I give my Goldens one tablespoon, and they’re 60 and 80 pounds. 
Same for yogurt. 


Sent from my iPhone using Tapatalk Pro


----------



## Ari1405 (Apr 18, 2017)

This is what I don't want. Feeding them too much of pumpkin (specifically) or yogurt. Maybe I'll give them a teaspoon of yogurt and pumpkin. 
I wasn't aware that a golden could weigh 80 pounds.


----------



## Qbnkelt (Aug 27, 2017)

Ari1405 said:


> This is what I don't want. Feeding them too much of pumpkin (specifically) or yogurt. Maybe I'll give them a teaspoon of yogurt and pumpkin.
> I wasn't aware that a golden could weigh 80 pounds.




Yup, a teaspoon is better. I’d start every other day. And don’t be surprised by the orange poop!!!🤣

Yup, Golden males can be 65-75 lbs per the AKC standard. Max is a tiny bit pudgy right now. Emma is at AKC standard at 60 lbs. They’re big doggies!


Sent from my iPhone using Tapatalk Pro


----------



## Ari1405 (Apr 18, 2017)

I gave Sunshine and Buddy Bear a tsp. this morning with their kibble. I actually like the idea of every other day. So one day I can do yogurt and the next day I can do pumkin. Until the can of pumkin finishes. Eventually I'll probably give it Jojo and Jr as I know it's just a healthy add on. I've given my dog's pumkin before and never seen orange poop but I'll keep an eye out. As Buddy Bear did poop a bit of orange pieces since I'm giving him fresh carrots. 
I definitely didn't think that they were that big. One day I do plan on getting a larger breed of dog since I've always only had Chi's and Chi mixes. But that's many more years from now so I have a lot of time to think about it.


----------



## Qbnkelt (Aug 27, 2017)

Ari1405 said:


> I gave Sunshine and Buddy Bear a tsp. this morning with their kibble. I actually like the idea of every other day. So one day I can do yogurt and the next day I can do pumkin. Until the can of pumkin finishes. Eventually I'll probably give it Jojo and Jr as I know it's just a healthy add on. I've given my dog's pumkin before and never seen orange poop but I'll keep an eye out. As Buddy Bear did poop a bit of orange pieces since I'm giving him fresh carrots.
> I definitely didn't think that they were that big. One day I do plan on getting a larger breed of dog since I've always only had Chi's and Chi mixes. But that's many more years from now so I have a lot of time to think about it.




If you ever decide to go with a larger dog I can tell you that Labs and Goldens are perfect family dogs. Strangers are friends they haven’t met yet. And they are super friendly with other animals. 

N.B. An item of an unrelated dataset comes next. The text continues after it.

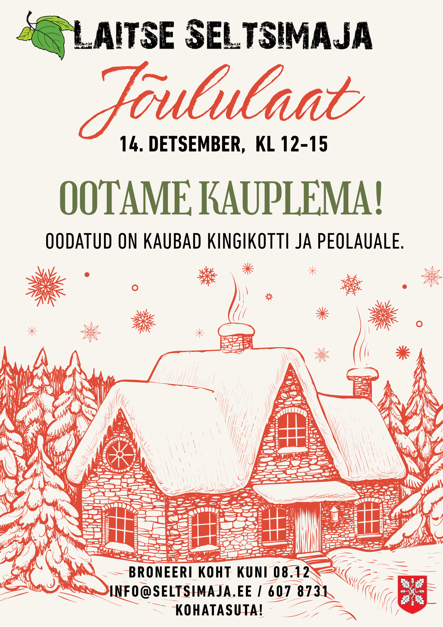 Registreerumine müügikohale kuni 08.12, info@seltsimaja.ee või tel 607 8731

This is Max, alerting me to a robin with a broken wing. 










Sent from my iPhone using Tapatalk Pro


----------



## Ari1405 (Apr 18, 2017)

I contacted Chobani telling them how long can I leave yogurt in a tupperware in the fridge once I open the single serve cups 
Their response:
Thank you for reaching out to us. Chobani products are free of preservatives and proper food safety is a must. If properly refrigerated, our yogurt products will last until the date listed on each individual container. With all varieties of our single-serve options, we recommend fully consuming at the time it's opened. If you should only need to use a little, we recommend that you keep it sealed tightly and use within 24 hours. 
So I'm expected to use it within 24 hours and they only eat a tsp. 
I'm hoping it won't do them bad long term. But I'd be insane to throw out majority of the yogurt every 24 hours.


----------



## Qbnkelt (Aug 27, 2017)

Oh wow. 
Have you tried Dannon?


Sent from my iPhone using Tapatalk Pro


----------



## Ari1405 (Apr 18, 2017)

Qbnkelt said:


> If you ever decide to go with a larger dog I can tell you that Labs and Goldens are perfect family dogs. Strangers are friends they haven?t met yet. And they are super friendly with other animals.
> 
> This is Max, alerting me to a robin with a broken wing.
> 
> ...


Aww thats adorable! That's coming from someone who has 4 dogs that will and have actually chased birds in the yard and will actually hurt/and sadly kill them. 
Labs have always been one of those dogs that I have considered. I wouldn't necessarily need a "family" dog. But after my 4 dogs I'd love to have a dog that is happy to meet strangers lol


----------



## Ari1405 (Apr 18, 2017)

Qbnkelt said:


> Oh wow.
> Have you tried Dannon?
> 
> 
> Sent from my iPhone using Tapatalk Pro


I've only bought before the "kid" version of dannon but I'll look into it


----------



## Qbnkelt (Aug 27, 2017)

Ari1405 said:


> Aww thats adorable! That's coming from someone who has 4 dogs that will and have actually chased birds in the yard and will actually hurt/and sadly kill them.
> Labs have always been one of those dogs that I have considered. I wouldn't necessarily need a "family" dog. But after my 4 dogs I'd love to have a dog that is happy to meet strangers lol




That’s so funny because I saw Taquito tree a squirrel!!! Those little legs were GOING!!!!! Max was looking at him like “Dude, chill, that’s just Fred.”🤣
I had started out looking at Labs when my border collie girl died back in 2009. I managed to run into a phenomenal Golden breeder who had me go through an application process that was more intense than if I’d been adopting a human child. Long story short I got both my Goldens from her. Max and Emma are cousins. They share one grandparent, Mr. Bojangles. 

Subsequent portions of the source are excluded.